The Timesheet Submission Policy governs the handling of blank lines upon submission.

The decisive parameter remains Timesheet per project approval, which determines who approves:

  • The value “Never” assigns approval to the approver defined on the resource sheet.
  • The value “Always” assigns it to the designated responsible person on the project sheet.
  • The “Machine only” option applies a mixed rule depending on whether the machine sheet is linked to a project or a resource.

Finally, the Numbering grouping must point to valid stubs for resources and for timesheets, otherwise no sheet can be created.

User settings

The User Setup page.
The User Setup page.

Locate the User Setup page, select the relevant user and check Time Sheet Admin to assign them the administrator role.

Resource sheet

The Resource Sheet.
The Resource Sheet.

This is where the owner and approver are materialized, via “Use Time Sheet”, “Time Sheet Owner User ID” and “Time Sheet Approver User ID”.

Search for the Resources page, select the resource, check “Use timesheet”, then enter “Ownership user code” and “Approver user code”.

💡The approver ID can no longer be modified once sheets with the status Submitted or Open are in progress.

An assisted setup guide (Set Up Time Sheets) allows you to link these steps in a guided way, and even offers to automatically create the first sheets after the setup, a valuable option for a first deployment.

The assisted setup guide (Set Up Time Sheets), which follows the same steps in a guided manner.
The assisted setup guide (Set Up Time Sheets), which follows the same steps in a guided manner.

A terminological point deserves the consultant's attention here.
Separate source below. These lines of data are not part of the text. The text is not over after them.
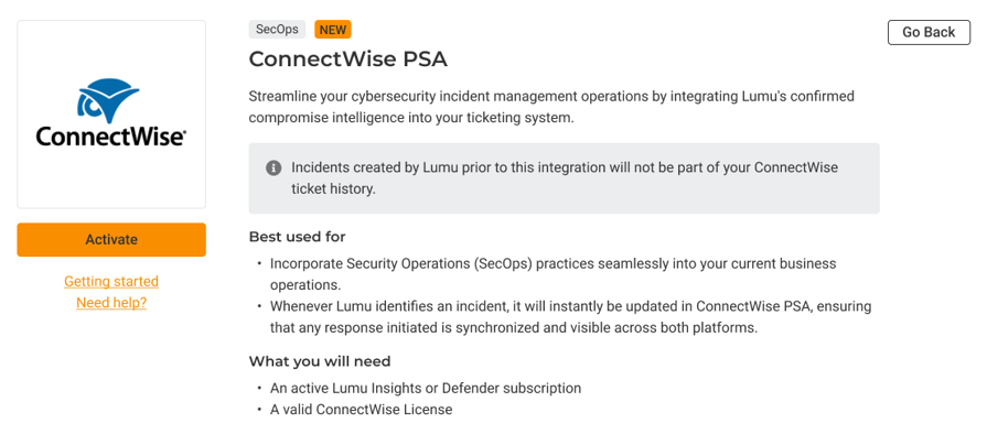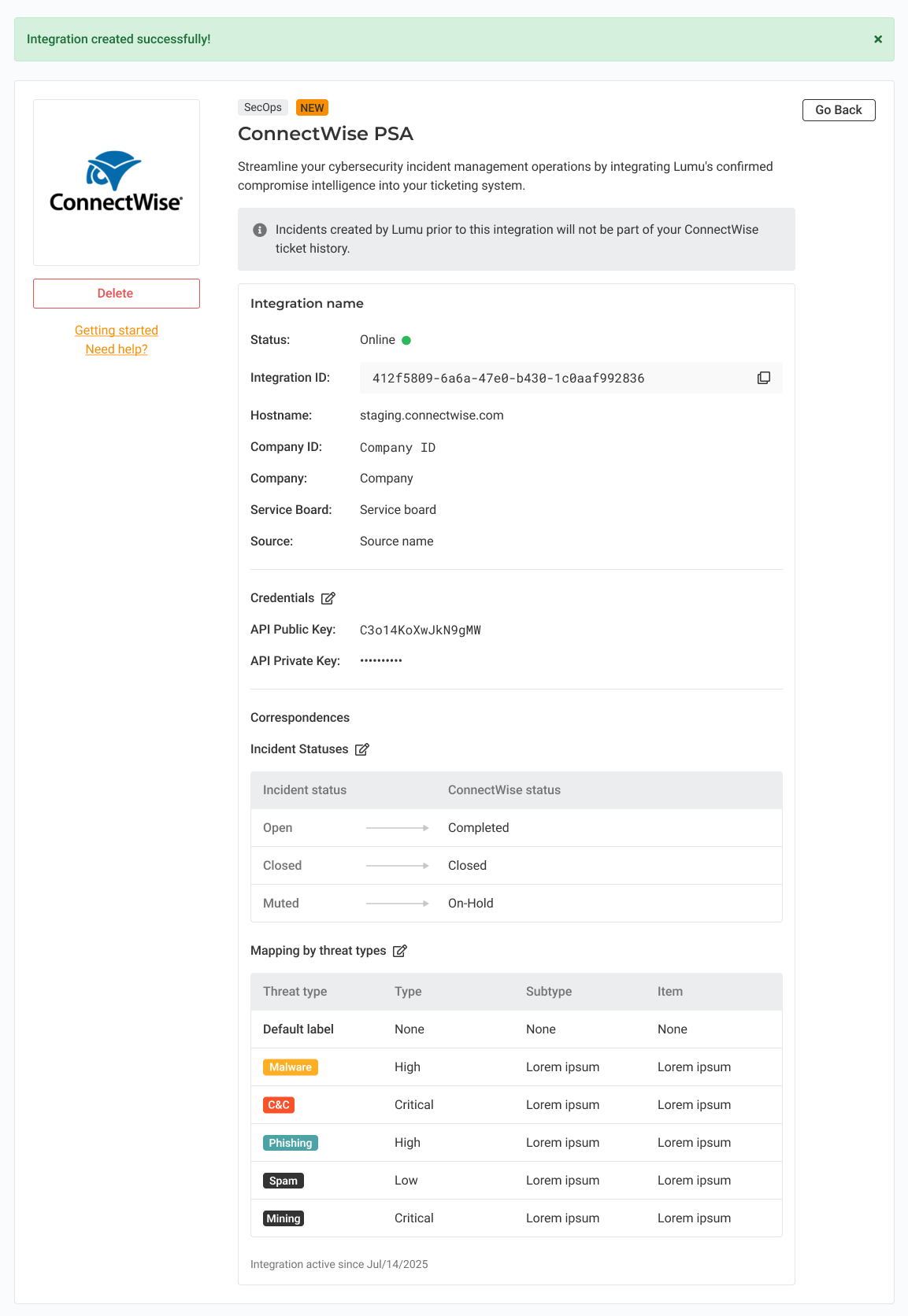 The ConnectWise PSA (formerly Manage) Out-of-the-Box Integration allows you to manage incidents detected by Lumu in your preferred ConnectWise PSA service board. A new service ticket will be created when Lumu detects an incident. Incident and related ticket status will be kept in sync between the Lumu portal and the ConnectWise PSA service board. As there are new contacts for the incident, the ticket will be updated with notes containing updated data.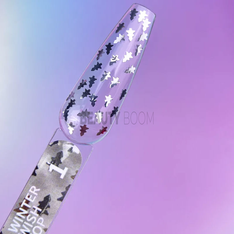 Top Winter wish №1 - це топ з сріблястими ялинками, без липкого шару, який буде гармонійно виглядати з будь-яким кольором на нігтях. Він здатний зробити ваш манікюр цікавим та незвичайним.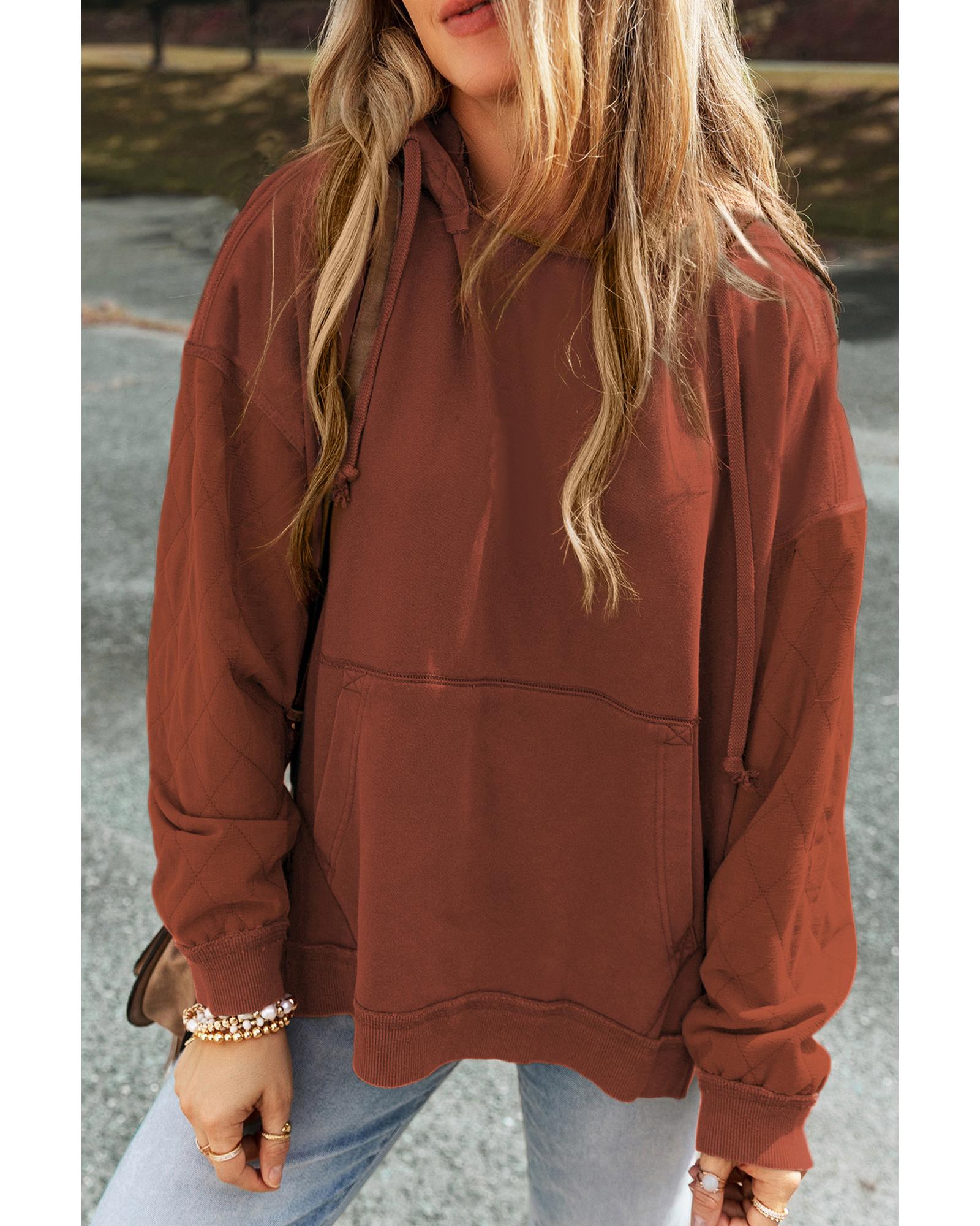 Chestnut Quilted Patchwork Exposed Seam Hoodie – S

The renaming of Jobs to Projects, which occurred with the 2024 update, only changed the interface labels and documentation: the underlying tables and fields retain the term "Job." The "Time Sheet by Job Approval" field is a direct example; it still displays "Job" even though the interface refers to projects. For anyone working with customizations, integrations, or application learning (AL), this dissociation between the display and the actual object is not insignificant: it ensures that existing systems continue to function, but requires focusing on object names, not captions.

Once the settings are in place, populating the timesheet from the project becomes straightforward: the "Create lines from project planning" action copies the project planning lines covering the period onto the relevant resource's timesheet. After validation, these hours are added to the project usage and can then be recorded in the project log or resource log. The loop is thus closed: from planning to actual usage, all the way to the margin.
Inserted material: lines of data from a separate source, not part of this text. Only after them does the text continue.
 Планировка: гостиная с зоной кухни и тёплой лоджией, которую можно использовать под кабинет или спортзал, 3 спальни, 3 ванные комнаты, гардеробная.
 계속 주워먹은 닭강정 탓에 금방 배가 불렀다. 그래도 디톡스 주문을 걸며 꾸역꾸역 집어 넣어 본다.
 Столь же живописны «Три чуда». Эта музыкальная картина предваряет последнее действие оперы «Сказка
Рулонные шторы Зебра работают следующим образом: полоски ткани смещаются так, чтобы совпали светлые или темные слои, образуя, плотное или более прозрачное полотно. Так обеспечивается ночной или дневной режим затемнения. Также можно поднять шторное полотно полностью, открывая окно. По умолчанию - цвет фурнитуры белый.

The action “Create lines from project planning”, which transfers the project planning lines directly onto the resource sheet.
The action “Create lines from project planning”, which transfers the project planning lines directly onto the resource sheet.

The validation process

Validation isn't a weekend formality; it's the quality control of data before it feeds into invoicing and margins. Business Central organizes it around a series of statuses and dedicated pages.

On the data entry side, the owner can submit a single line or the entire sheet. Submitting the line changes its status to "Submitted" and makes it visible to the approver.
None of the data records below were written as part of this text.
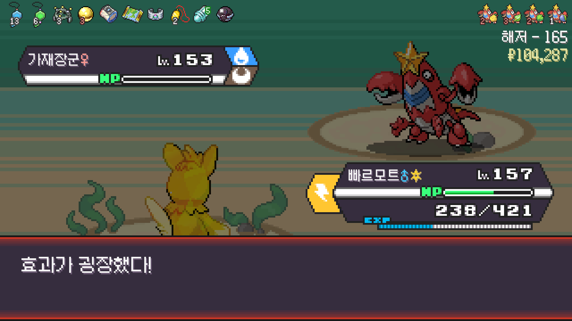 마기라스 추가해온 라이벌잡고 레트라에 화염구슬 장착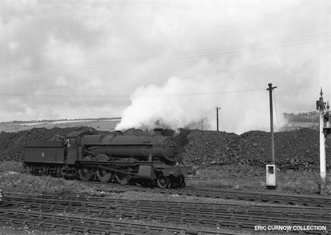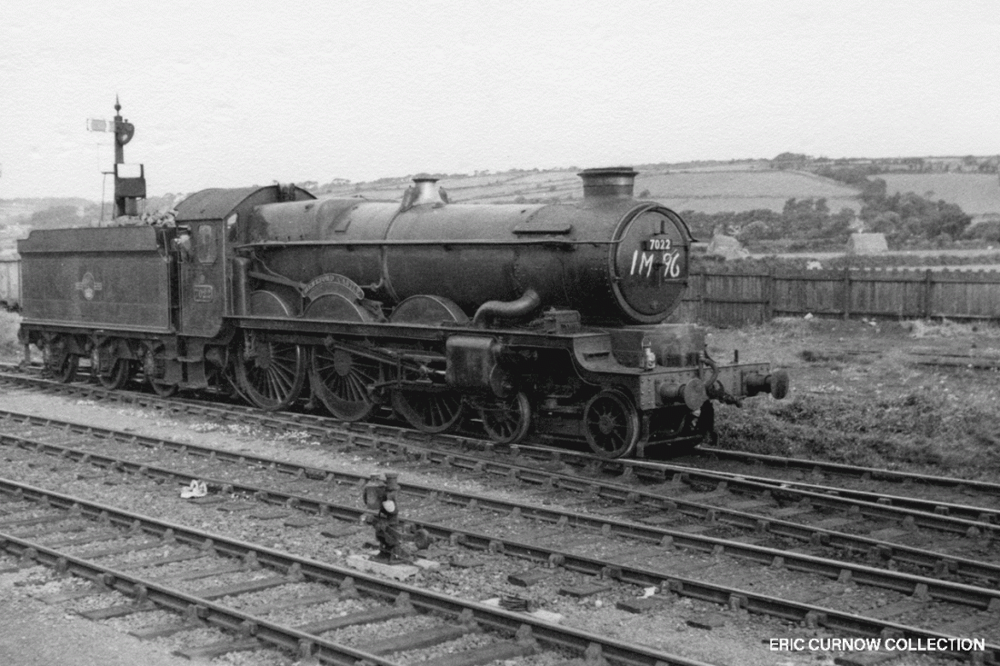 Bearing a handwritten service number on its smokebox door, 7022 “HEREFORD CASTLE’ moves off Long Rock shed towards the crossing to take the 10:50am Penzance to Manchester. The sidings behind it already show signs of dereliction. 600716A01-LRK-s7022-LIG_D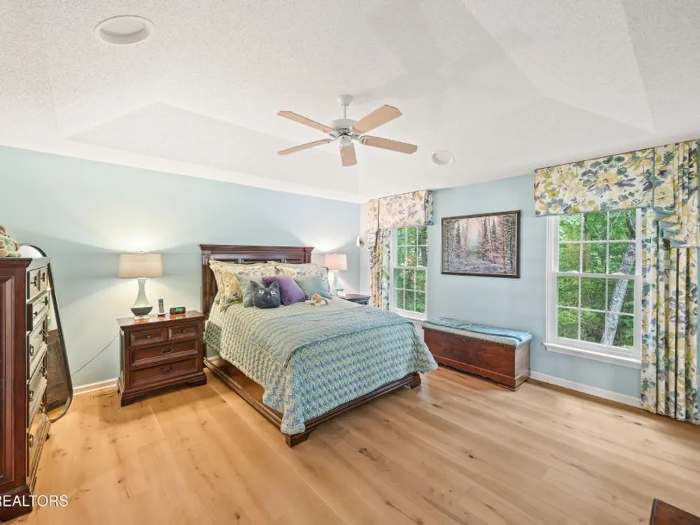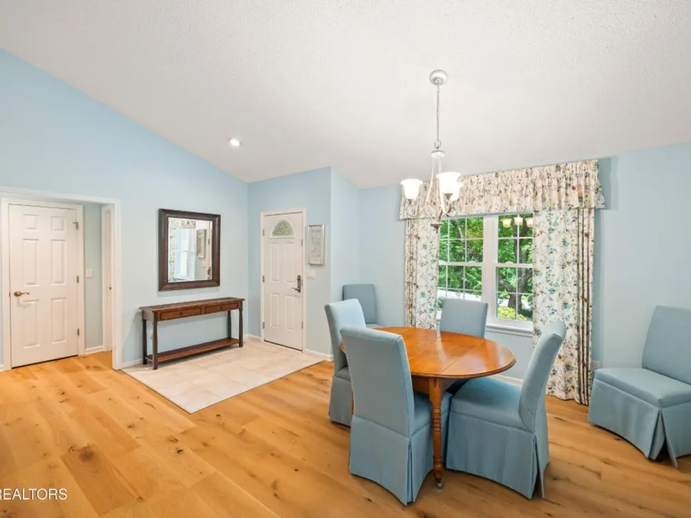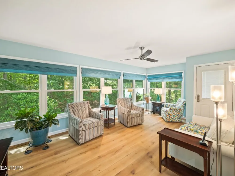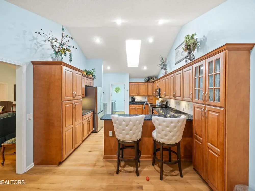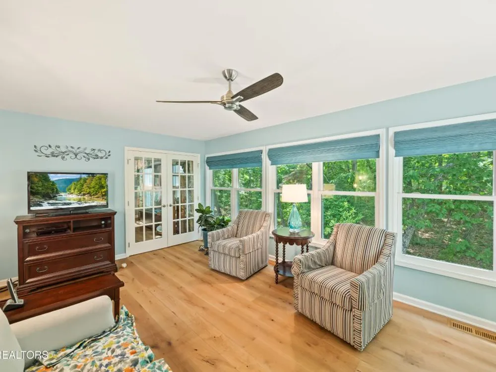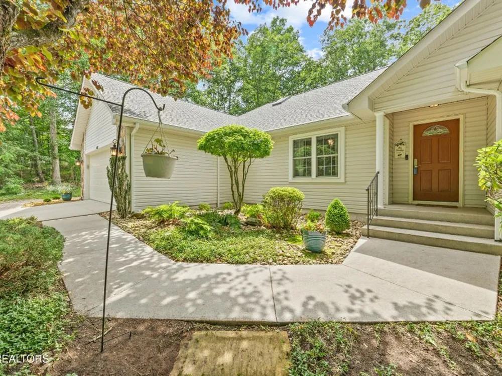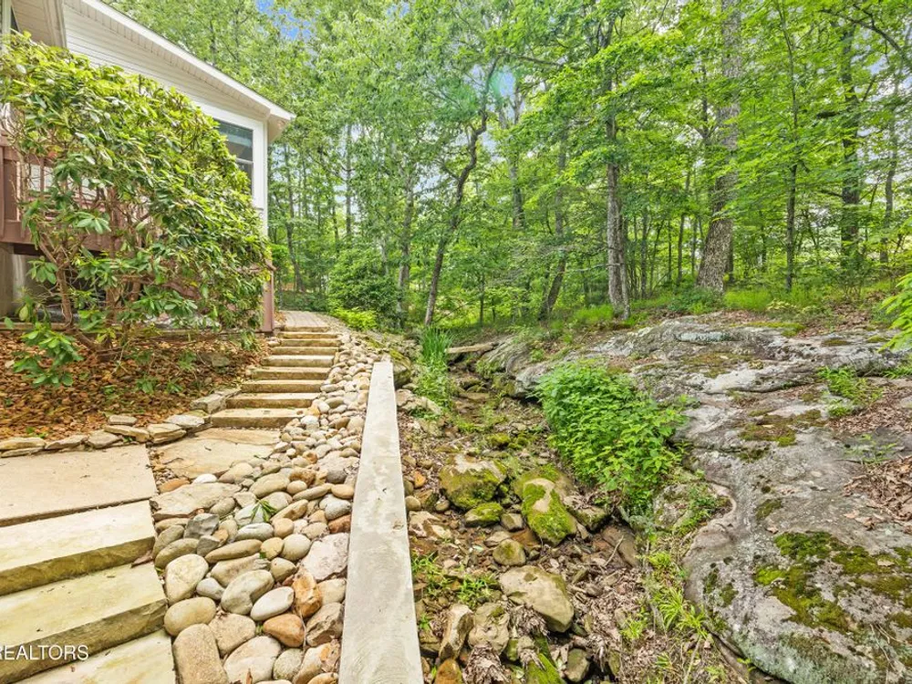 If you like more green space combined with a neighborhood and all the amenities that come with living in a resort community, you'll want to view this home! Tucked among the trees on almost an acre lot along the 8th hole of Stonehenge Golf Course, this home could be your next address. The lot features stone walkways, retaining walls, a creek with stone bridge and rock outcroppings - get a 'peaceful easy feeling' here! Step into the entry to a spacious living/dining room combination with with soaring cathedral ceiling, stone, natural gas fireplace and newer engineered hardwood English White Oak flooring. The home features split bedrooms, spacious sunroom, kitchen with custom cabinets, quartz countertops and tile backsplash. The master suite features trey ceiling, two master closet with organizers and pocket doors, master bath has two vanities, a large, tiled, step-in shower and linen closet. The stand-up crawl space is encapsulated and includes the storage shelves. The spacious, 2-car garage has a closet, cabinets, utility sink and attic access. Windows and doors were replaced with Pella brand. Furnace was replaced in 2025, roof is newer. Other features include a tankless water heater and window blinds with top-down, bottom-up feature. The lot to the left of the home as you face it from the street was combined. Build your mancave or garden shed on it with ACC approval.

On the validation side, two entry points coexist depending on the logic adopted. The first concerns approval by resource.

The “Administrator Time Sheet” (Manager Time Sheets) page.
The “Administrator Time Sheet” (Manager Time Sheets) page.

For approval by resource, the approver opens the “Manager Time Sheets” page, locates the sheets with a submitted status, checks the values, and then chooses “Approve” (or “Reject”, or “Reopen” to return the sheet to its owner).

The page “Manager Time Sheet by Project”.
The page “Manager Time Sheet by Project”.

For project-based approval, the “Manager Time Sheet by Project” page displays the entries associated with the projects for which the user is responsible. This functionality assumes that the project-based approval option has been selected in the resource settings and that the responsible party has been designated on the project record.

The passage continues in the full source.